### [Task item]
Starting at the top of the entries below, write out each line up to and including the one containing "За тёмную сторону". Leave the pictures out.

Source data
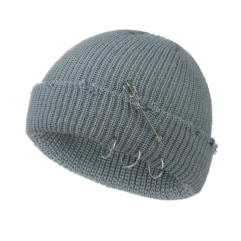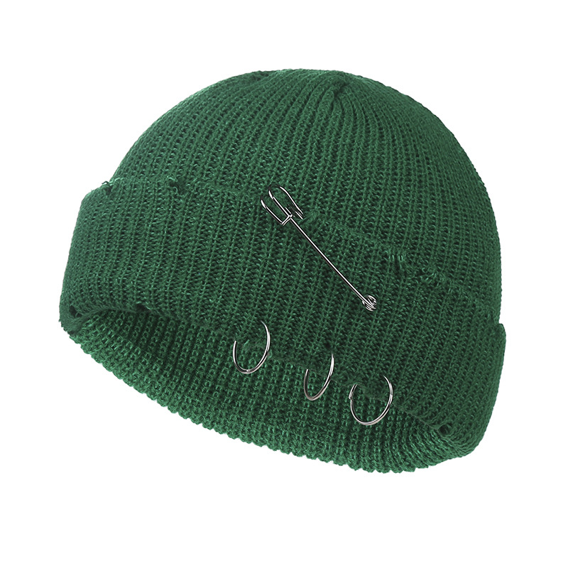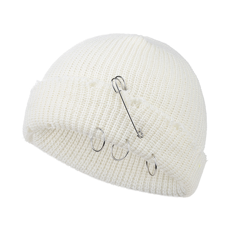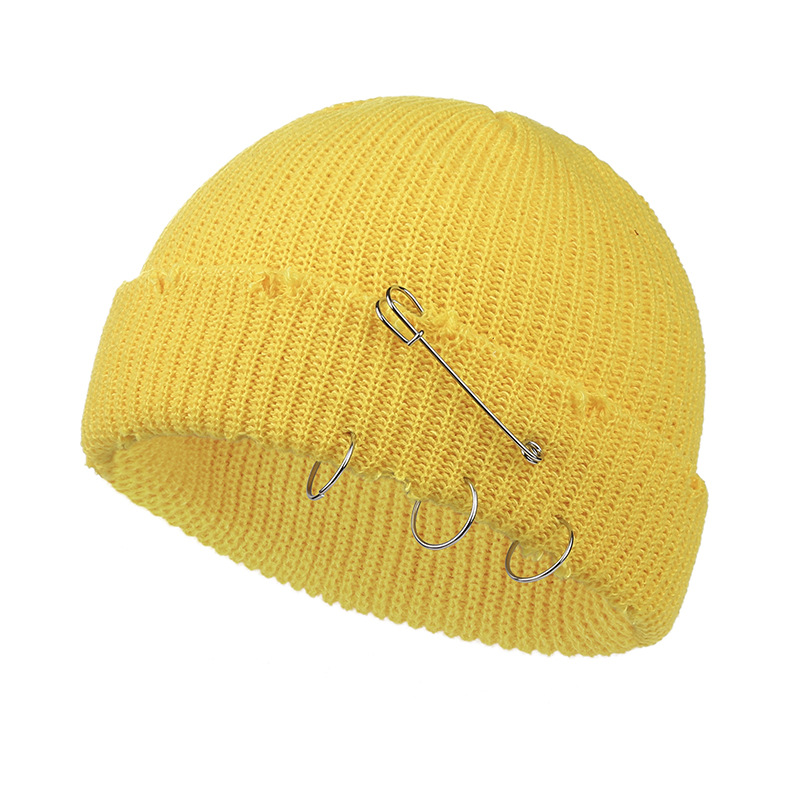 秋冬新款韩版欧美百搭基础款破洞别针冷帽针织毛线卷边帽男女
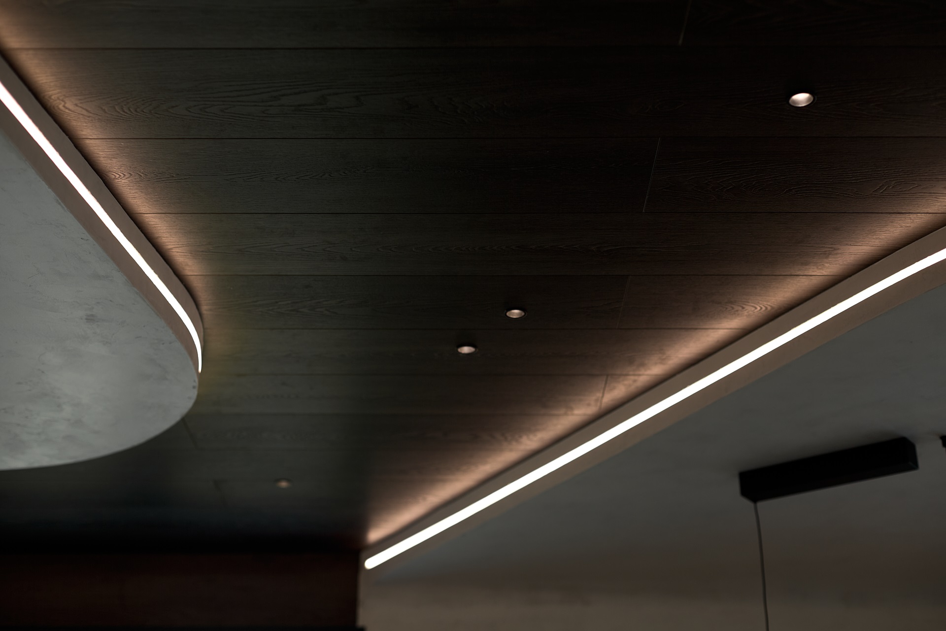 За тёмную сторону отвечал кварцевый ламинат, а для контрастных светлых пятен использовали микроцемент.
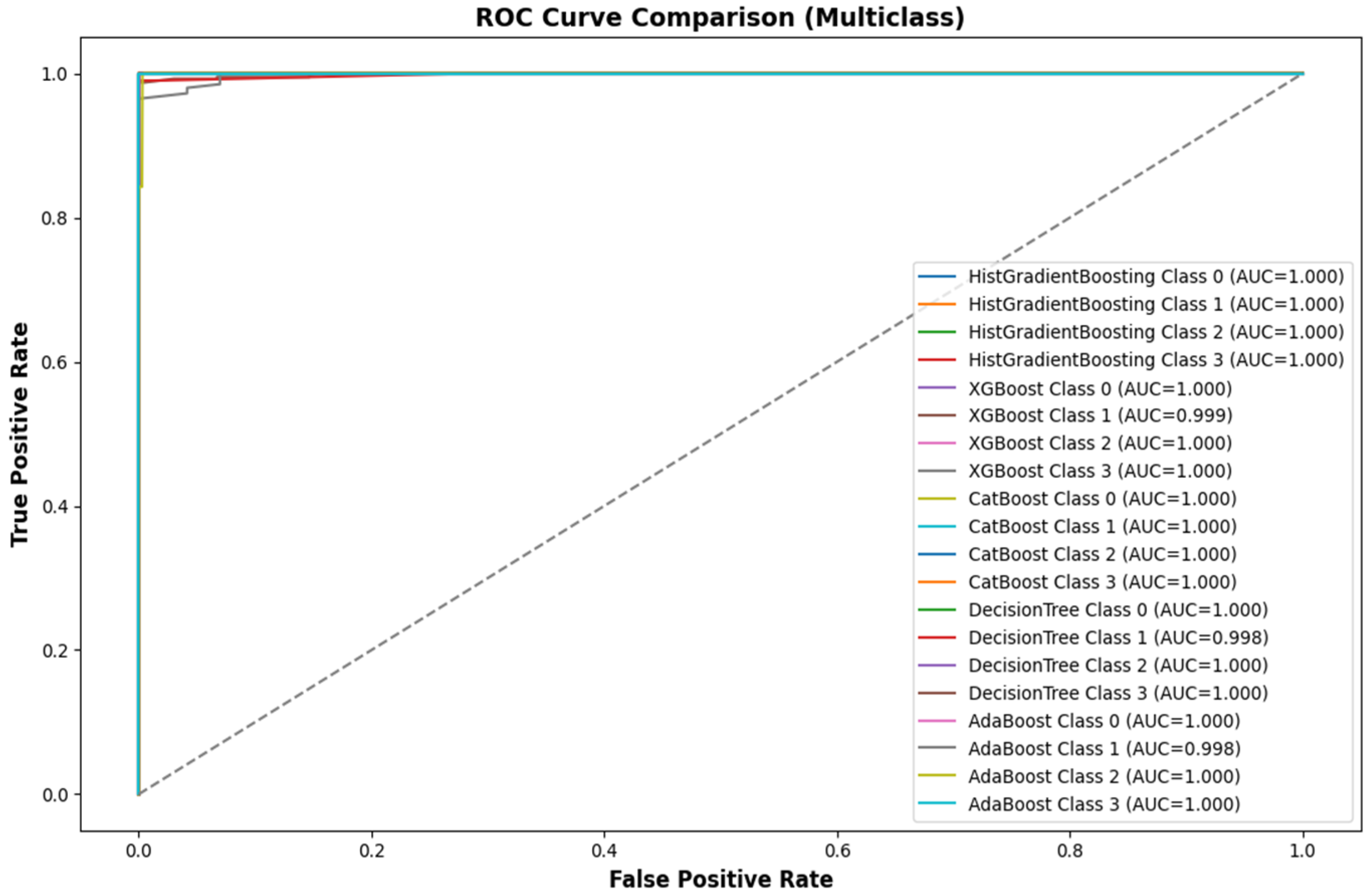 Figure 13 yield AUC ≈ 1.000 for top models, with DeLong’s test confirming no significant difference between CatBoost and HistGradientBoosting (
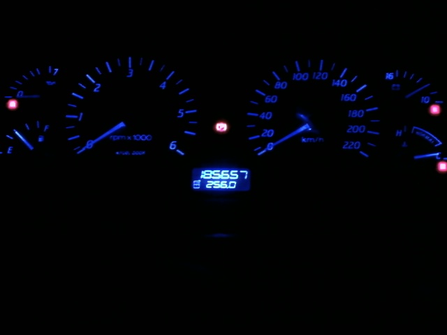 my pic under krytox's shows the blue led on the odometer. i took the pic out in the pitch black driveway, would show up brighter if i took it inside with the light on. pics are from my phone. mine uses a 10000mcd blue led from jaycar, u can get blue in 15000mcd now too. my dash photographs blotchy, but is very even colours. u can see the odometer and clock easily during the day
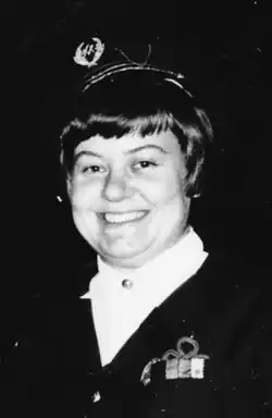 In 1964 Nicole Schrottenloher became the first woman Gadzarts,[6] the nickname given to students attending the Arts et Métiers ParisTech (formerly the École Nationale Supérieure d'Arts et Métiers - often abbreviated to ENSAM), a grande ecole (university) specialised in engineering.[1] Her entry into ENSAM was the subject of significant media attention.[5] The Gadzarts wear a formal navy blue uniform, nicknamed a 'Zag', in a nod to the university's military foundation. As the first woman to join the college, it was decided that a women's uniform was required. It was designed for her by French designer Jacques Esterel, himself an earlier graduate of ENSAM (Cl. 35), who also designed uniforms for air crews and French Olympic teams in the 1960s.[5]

### [Task solution]
 秋冬新款韩版欧美百搭基础款破洞别针冷帽针织毛线卷边帽男女
 За тёмную сторону отвечал кварцевый ламинат, а для контрастных светлых пятен использовали микроцемент.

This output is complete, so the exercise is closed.